Pathogenesis

Natural infection is by inhalation and results in bronchiolitis and pneumonia. Some experimental studies have shown that infection of cattle by endotracheal intubation resulted in chronic disease, while natural infection by close contact with infected animals induced severe infection that was more likely to result in mortality, although other studies indicated that the only difference observed was in the incubation period, which was more variable in naturally infected cattle. It appears that the route of infection determines the outcome. While the typical respiratory lesions result from infection via the respiratory route, subcutaneous inoculation results in the development of an invasive local oedema known as the ‘Willems reaction’ after the person who performed the first inoculation trials in 1852. Intraperitoneal inoculation results in peritonitis. In natural infection the lesions are confined to the lungs in both the acute and chronic forms of the disease, apart from the arthritis that has been described in calves.

The result of the multiplication of MmmSC in the lung is severe inflammation that causes respiratory distress and can result in the death of 30 per cent or more of the affected cattle. The pathogenesis of CBPP has not been fully elucidated because of the high cost of experimental work in cattle and the lack of a laboratory animal model. Given the severity of the disease, there are also ethical considerations. However, individual molecular mechanisms that contribute to virulence can be studied using a variety of techniques such as in vitro immunoassays, cellular studies and mouse infection bioassays.

Actions involved in virulence include evasion of the host’s immune system, tight adhesion to the surface of the host’s cells, dissemination and persistence in the host, efficient importation of required nutrients and induction of cytotoxicity in the host. Mycoplasmas have the smallest genomes of all self-replicating organisms. Complete sequencing of the genome of MmmSC in 2004 has revealed a lack of genes encoding primary virulence factors like toxins, cytolysins and invasins that are generally found in other bacteria, so that virulence depends on intrinsic metabolic and catabolic functions as well as surface proteins and their regulation. For example, recent studies have confirmed that the production of large amounts of hydrogen peroxide (H2O2) due to a gene that facilitates active uptake of glycerol, which is phosphorylated and then metabolised further to release H2O2, which is then transported into the host cell, is important for virulence. The MmmSC strain that caused the outbreaks of CBPP in Europe in the last decades of the 20th century lacked the genes necessary for this process and caused mild disease. Tight adhesion of the pathogen to the host cell is required for the H2O2 to be released into the host cell and produce a cytotoxic effect, since a strain that produced large amounts of H2O2 but did not adhere well to the surface was unable to cause cytotoxicity.

Evasion of the host immune system and the ability to disseminate and persist in the host appear to be related to effects of the pathogen on cells responsible for the immune response. In vitro experiments indicated that MmmSC is capable of inducing apoptosis in all types of blood leucocytes (all lymphocyte and monocyte/granulocyte subsets), although no genetic basis for this was found; production of TN-alpha by MmmSC may be involved, as in association with NF-kappa-B it is associated with induction of apoptosis Furthermore, the progression of clinical signs in acute disease was associated with decreased interferon production by peripheral blood mononuclear cells.  

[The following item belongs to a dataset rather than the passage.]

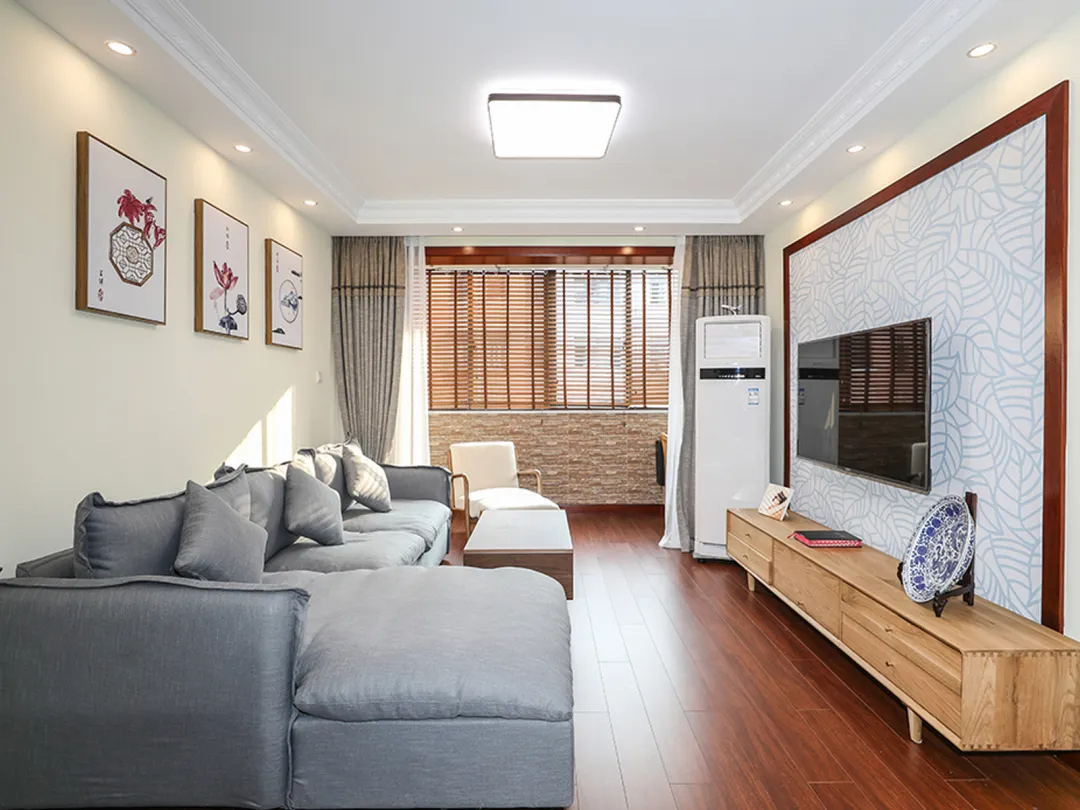 這個客廳案例運用了大量的天然素材和簡潔的線條,營造出一種淡雅而寧靜的氛圍。空間中沒有過多的裝飾,只有一些必要的家電,突出了禪意的精神追求。這種風(fēng)格讓人感到放松和自在,非常適合現(xiàn)代人的生活需求。

Virulence appears to depend strongly on surface antigens that protect the organism and cause various reactions in the host. The capsular polysaccharide galactan has cytopathic and vaso-active effects and contributes to the ability of the organism to spread and persist in the host, probably owing to its ability to protect the organism. Surface lipoproteins have been identified that are strongly antigenic and are believed to have important roles in virulence. Several have been identified as promising candidates for mediation of adhesion, including a variable surface lipoprotein that appears to be specific to MmmSC. Although adhesins have been found in other mycoplasmas and are considered to be central to their pathogenicity, enabling transport into the host cell of substances that induce the inflammatory reaction as well as being responsible for species specificity and tissue tropism, none have to date been found in MmmSC. Lipoproteins are also considered to play an important role in immunopathogenicity. The membrane protein L-alpha-glycerophosphate oxidase (GlpO) has been identified as playing a central role in cytotoxicity by catalysing the oxidation of glycerol-3-phosphate, which results in the release of H2O2. The presence of H2O2 and/or reactive oxygen species in the host cell may cause direct damage as well as triggering an inflammatory reaction. Some of the differences in virulence between strains including vaccine and field strains may be explained by a single nucleotide polymorphism in the gene encoding 6-phospho-beta-glucosidase (Bgl) that determines the isoform in which Bgl occurs.